I browsed the Purveyor posts on /., and there certainly were some good
comments made.
There are several drawbacks to the would-be-superior system
- It only provides fairly weak transactional "guarantees."
Yes, any one transaction can can be rolled back, but it does
not appear to extend past that. Which is fine for a single
user system, but not for multiuser.
- It doesn't do anything about managing domain typing.
The increasing support in PG7.4 for CREATE DOMAIN is something that
should surely be trumpeted as a strengthening of relational
modelling. Purveyor... Doesn't do this...
- One of the most significant merits of the relational model is that
it allows data access paths that weren't necessarily planned for.
If I need to look at all the transaction records generated between
March 10th and April 15th, that have some other oddball
characteristics, I need only /describe/ the query, and a relational
system can do the query. It may not be particularly efficient in
the absence of a useful index, but that may well not matter.

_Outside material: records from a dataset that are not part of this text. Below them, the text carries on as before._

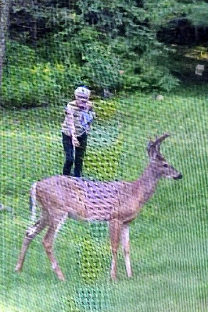 First, New Salem MA. Ray and Kim, who provided our squatting home in Worcester, invited us to their cabin in the woods in New Salem MA for two nights – Friday and Saturday. I have gushed about this serene cabin before and it was just as serene this time, with deafening quiet (except for the humming of the hummingbirds). But this time we also got several visits from the resident white-tailed buck (who let Marlene get surprisingly close) and a juvenile porcupine. Some wild turkeys, too.
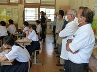 地区の公民館長さんや区長さんをお招きし、「地域懇談会・給食試食会」を行いました。生徒の人気メニュー「たこ焼き風揚げ」等を試食していただきましたが、とても好評でした。ZOOMによる授業等の参観では、本校卒業生の区長さんも驚かれていました。懇談会では、コミュニティ・スクールの仕組みや今後の地域活動等について確認をしました。
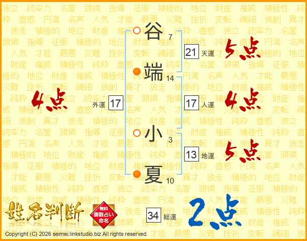 生活面を象徴する運勢です。外部から受ける影響力を表し、結婚運、家庭運や職場、環境への順応性を表します。総運から人運を引いた画数。姓や名が1文字の場合を除く。
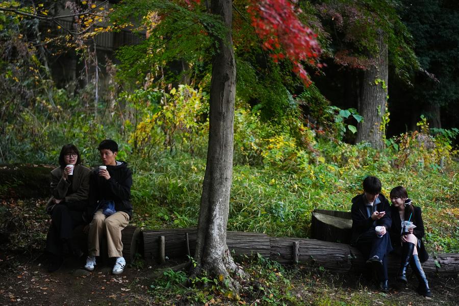 16日、東京都内の公園で休憩する観光客。(東京=新華社記者/賈浩成)
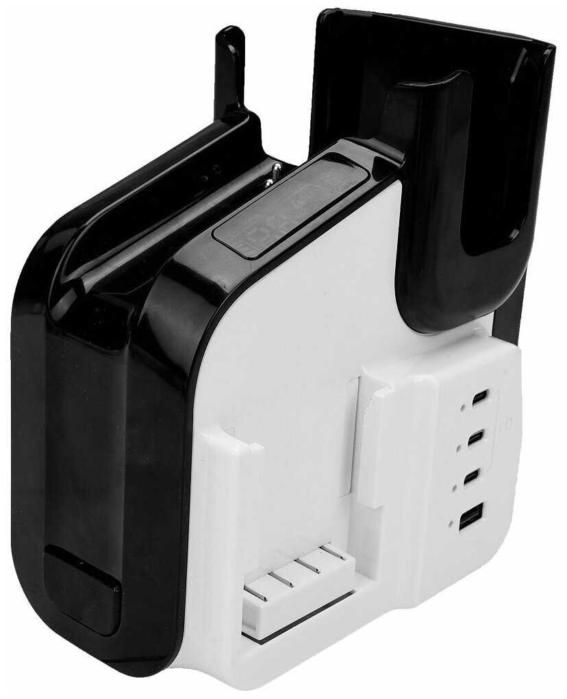 У зарядной стойки есть место для быстрой зарядки дополнительного аккумулятора и ТРИ разъёма для зарядки девайсов, USB и два Type-C,
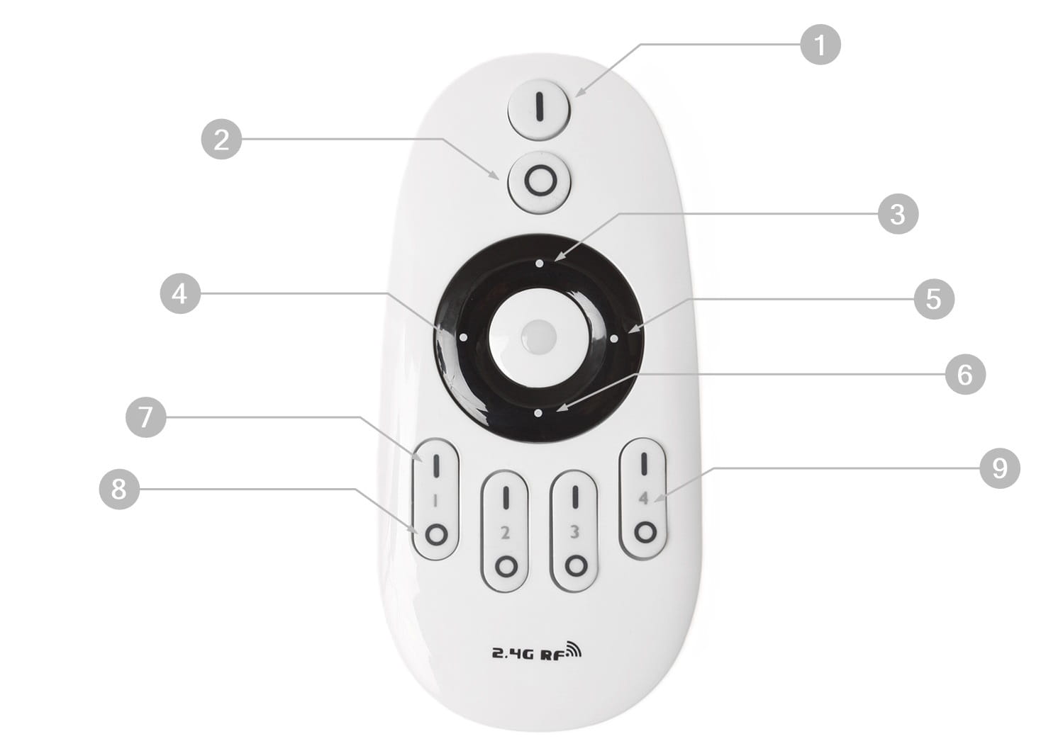 Telecomanda zonală utilizează tehnologia radio RF, ceea ce permite operarea fără a fi necesar să fie direcționată spre dispozitiv. Raza de acțiune de până la câteva zeci de metri permite controlul convenabil al iluminatului din orice loc al încăperii. Cu ajutorul celor patru zone independente, utilizatorul poate controla diferite zone de iluminat cu o singură telecomandă, ceea ce oferă o personalizare completă a setărilor.
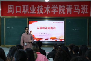 为深入学习贯彻习近平新时代中国特色社会主义思想,坚持立德树人根本任务,加强学校思想政治工作,推进学校“青年马克思主义者培养工程”的科学化、专业化、系统实施化,12月1日下午,思政部思政课教师、思政宣讲团成员范文婷老师在开元校区文化教育学院4122室为周口职业技术学院第二期“青马班”学员上课。
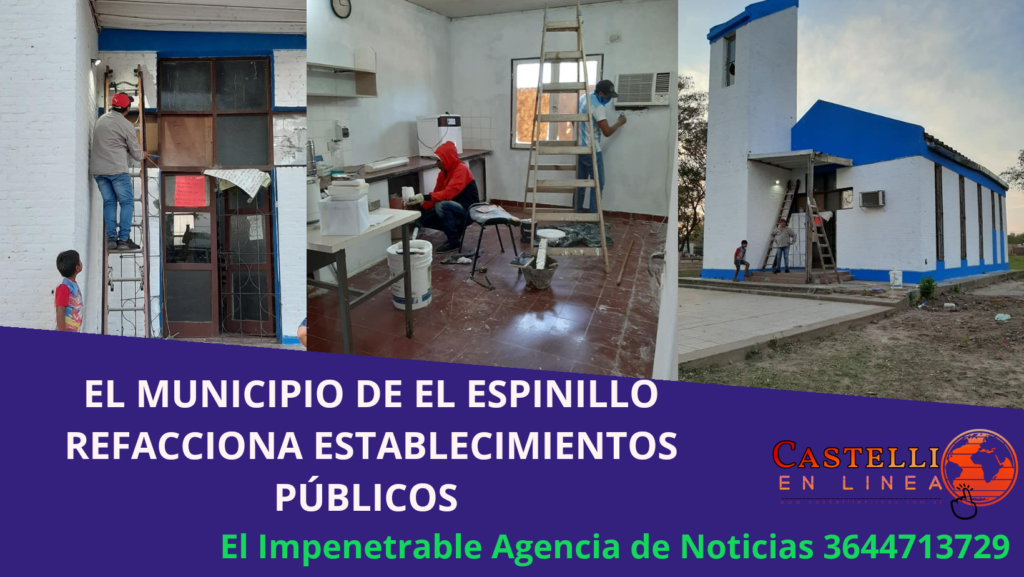 El municipio de El Espinillo está ejecutando trabajos en la Comisaría, Hospital y la Iglesia ubicada en la plaza central, Zenon Cuellar intendente local expreso “Todo este gran esfuerzo se realiza con recursos propios del municipio y de esta forma fortaleceremos la inclusión institucional de la localidad, quiero agradecer y felicitar por el trabajo que se lleva adelante a todos los que de alguna manera colaboran, como así también destacar la coordinación entre las áreas Obras Públicas y Secretaria de Gobierno para ejecutar estas acciones.
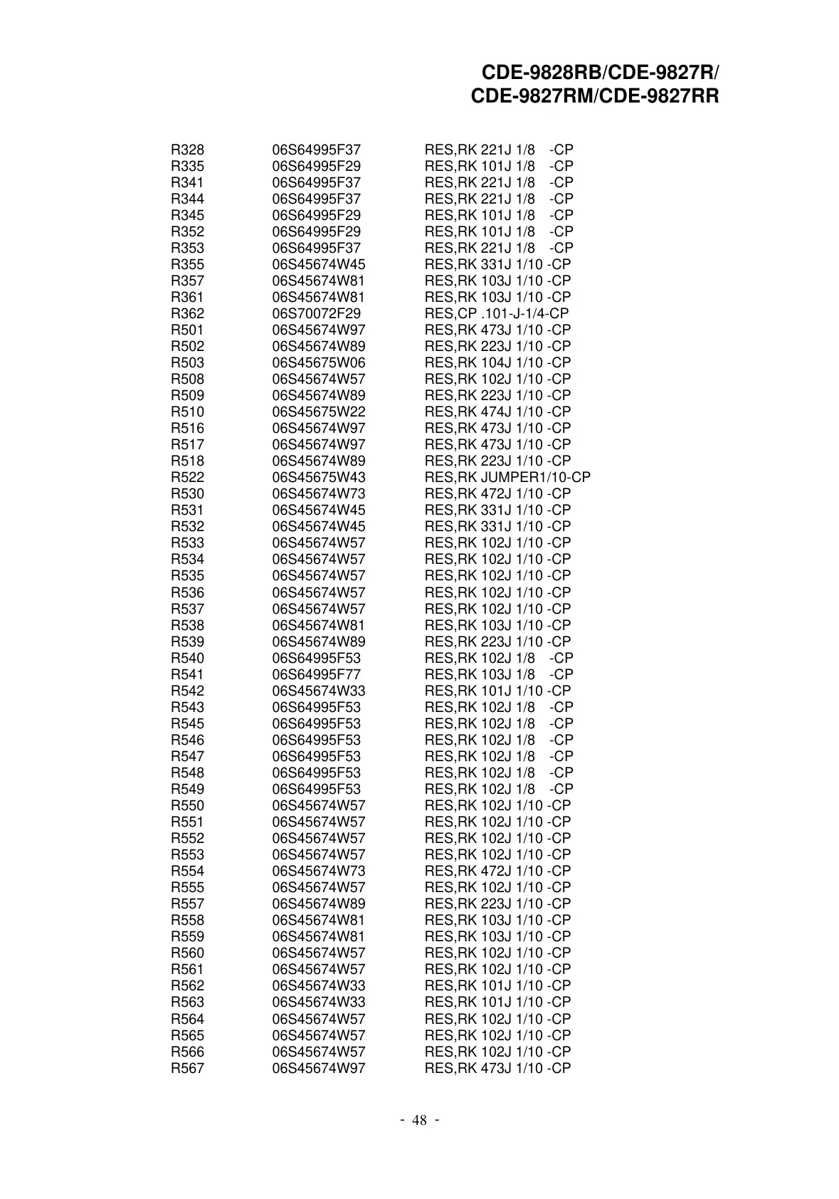 R548 06S64995F53 RES,RK 102J 1/8 -CP

In contrast, "object systems" are by and large a throwback to the
Network model, where queries require writing a program to navigate
through the paths provided by the indices. Which is _blazingly_
fast, if the pre-planned paths are the ones you wanted. But if you
need something "oddball," the result may be a query program that is
both inscrutable and slow.
What is unfortunate is that it looks like they have implemented
something that's pretty neat that is probably pretty useful for
embedding a sort of "database" support into applications in some
dynamic languages. But since they _dramatically_ oversell it,
apparently because the producers are "youths" that don't have enough
perspective to grasp that other systems _do_ have merits, it's likely
to get treated as worthless because of the over-sell.